1.1.2 Alignment of sequencing reads

Following the initial barcoding and cDNA preparation, the samples are subject to cDNA library preparation involving ‘sequencing index’ addition in specific single-cell technologies described above and quality assessment of the libraries (Web Page 2021a). The high-throughput sequencing of these libraries results in millions of reads that carry the barcode and the associated RNA sequence information. These reads can be processed using specialized software such as the Cell Ranger pipeline from 10X Genomics (Zheng et al. 2017) or processed using generic enumerators and alignment tools such as Kallisto, Salmon-Alevin, Bowtie, or STARsolo (Brüning et al. 2021; Du et al. 2020).

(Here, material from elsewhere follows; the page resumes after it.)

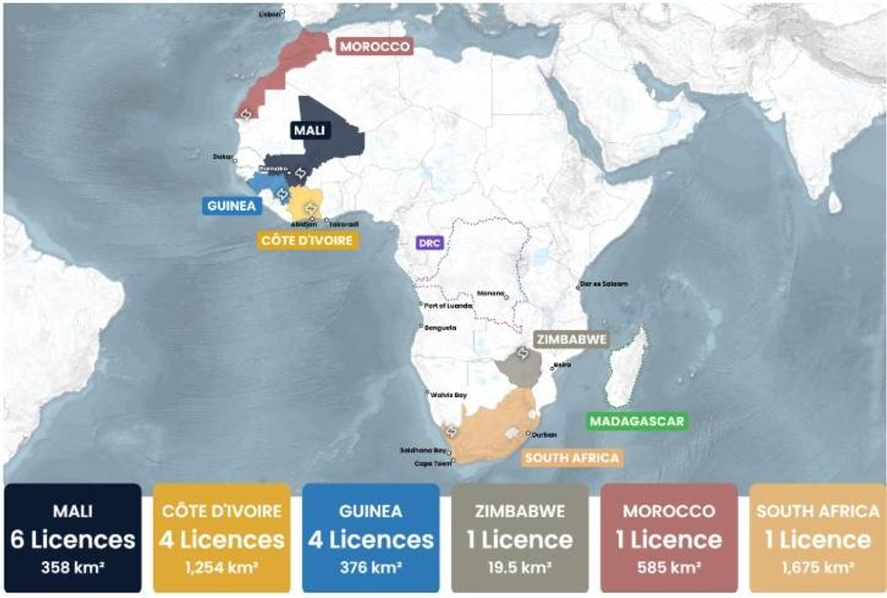 - First-Mover, District-Scale Footprint: Over 4,200 km2 of tenure across Ivory Coast, Guinea, Mali, Morocco, Zimbabwe and South Africa, strategically positioned across Africa's most underexplored pegmatite belts and designed to maximize diversification in discovery strategy.

1.1.3 Post alignment processing

Post-sequencing alignment and counting of reads usually result in a gene versus barcode table with count data for each gene in each cell (the gene-count matrix). Each platform used for alignment and enumeration generates a different format for reporting this data. 10X Genomics Cell Ranger pipeline produces 3 files: the matrix of cell count, the barcode file, and the genes file identifying specific parts of the information. Other methods produce a “dense matrix”, or dgCMatrix format of the gene-count table that can be stored as comma-separated values files (CSV) or tab-delimited text files (.txt) file (Brüning et al. 2021; Du et al. 2020).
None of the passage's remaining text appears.